Semejantes conclusiones resuenan con los ecos tanto de la metafísica del Barroco como del espíritu zen, y se plasman en su nueva obra mediante un despliegue de técnicas mixtas y una personal derivación conceptual del viejo arte de la grisalla, técnica que se apoya en sutiles modulaciones monocromáticas para producir una ilusión escultórica de relieve. En este caso no hay, en puridad, relieve, pero sí una ilusión de vida conseguida con una paleta tan limitada como la de la grisalla: una estricta reducción al gris -matizada en ocasiones con suaves vibraciones de color, más en las obras que conectan con el anterior cromatismo de «Terrae»- ofrece al pintor todo el abanico de tonos que necesita para expresar pictóricamente su visión del silencio final, la nada en la que, según su experiencia de la naturaleza incluso en un mundo a escala, todo se resuelve. A partir de esa restricción, Humberto pinta «de la manera más sentida, sin ningún gesto gratuito» aplicando la economía zen, en la que «la pintura es la prolongación de la idea en la mano» y al mismo tiempo una sutil riqueza de contrastes que, casi paradójicamente respecto a lo anterior, describe como una «aproximación al Neobarroco». Ese «neobarroquismo» se vislumbra por ejemplo en un medido juego entre la luz y sombra -como en la grisalla- y entre distintas texturas y densidades de la pintura.

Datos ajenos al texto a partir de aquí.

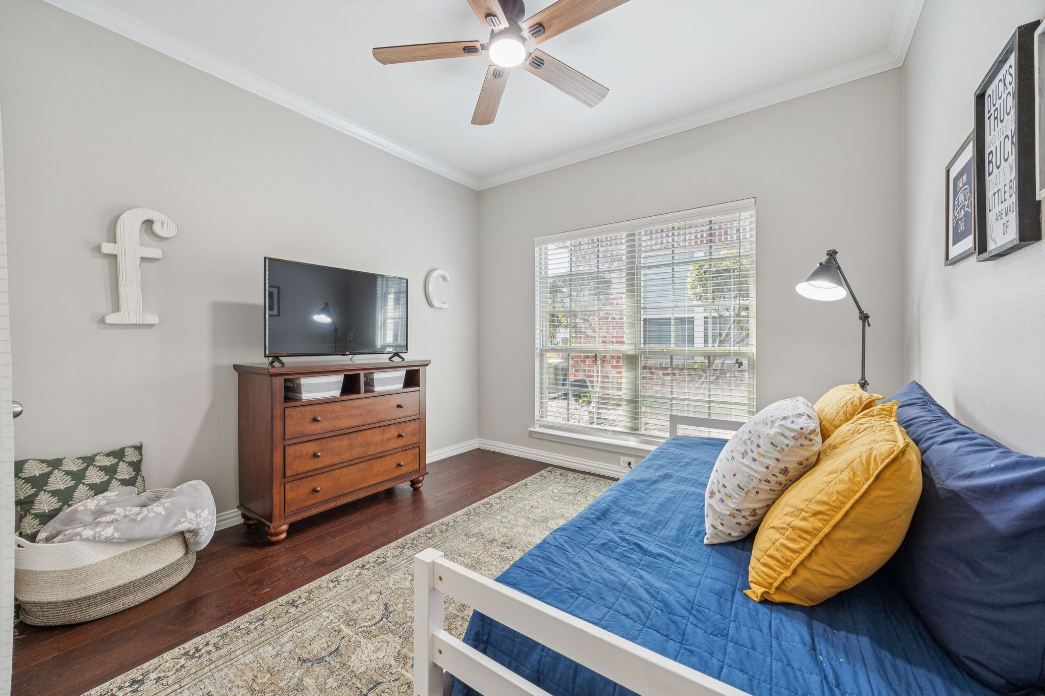 scover effortless living in this impeccably maintained single-story townhome nestled within the coveted Villas in the Park community in Fairview. Designed for comfort, simplicity, and style, this residence offers three bedrooms, two full baths, and a two-car garage—ideal for those seeking a refined lock-and-leave lifestyle. Sunlight pours in through an expansive wall of windows, filling the home with a light, airy ambiance. Classic plantation shutters throughout add timeless character while offering privacy and energy efficiency. The thoughtfully designed kitchen features granite countertops, generous storage, and updated appliances, making everyday living and entertaining a breeze. Adjacent to the kitchen, the dining area showcases a striking barrel ceiling, adding architectural interest, while French doors lead to a private study—perfect for remote work, a reading retreat, or a creative space. The primary suite is a peaceful haven, complete with a custom walk-in closet and a spa-inspired bath offering dual vanities, an oversized shower, and ample linen storage. Two additional bedrooms with rich wood flooring provide flexibility for guests, hobbies, or wellness space. Step outside to a tranquil, landscaped patio accented by a charming pergola—an inviting spot for morning coffee, evening gatherings, or quiet relaxation. A conveniently located laundry room just off the kitchen enhances the home’s functional layout. Residents enjoy access to community amenities, including a resort-style pool, fitness center, and green space, all while being just steps from the Village of Fairview. Walk to dining, shopping, and the movie theater, with quick access to Highway 75 and 121 for easy commuting. Low-maintenance, single-level living in a prime location—this home truly offers the best of comfort, convenience, and lifestyle.

Toda esa reserva de recursos se aplica a la creación de unos paisajes quintaesenciados a través de la experiencia propia y el sentimiento en los que conviven -como en el mismo «hortus conclusus» de Humberto en Gijón- plantas y otros seres vivos, rastros de la actividad humana, construcciones y aperos que, en su estilización y su quietud, sugieren paisajes tratados con el espíritu del bodegón, aunque no se trate de naturalezas muertas, sino todo lo contrario: naturalezas muy vivas, por mucho que apunten a la muerte en última instancia. Y en ningún caso admite Humberto que haya abstracción en estos paisajes, a la vez reales, mentales y metafísicos.

«A primera vista, son obras adscribibles a la abstracción, pero nada más lejos de la realidad. Son expresiones naturalistas, referentes del entorno, exprimidas y despojadas en las que los humedales, los surcos arados, la vegetación y los aperos, las construcciones humanas y los celajes se superponen y conviven configurando el espacio plástico, en una lucha de gestos y símbolos», ha escrito Humberto sobre una obra en la que el paisaje «se lleva al terreno de lo indeterminado, de la memoria y del recuerdo»

Su ejercicio de reducción y de espiritualización del paisaje milita además contra la pintura entendida como «ejercicio gratuito, de mera aplicación de recetas, de la cocina de taller, sin sentimiento ni ideas detrás», y contra todo lo que, simbólicamente, queda fuera del reducto del huerto -real y pintado- de Humberto. En su obra de «Palabras y silencios» ha querido demostrar «una presencia de lo espiritual» que se opone «a la inmensa banalidad en la que estamos inmersos».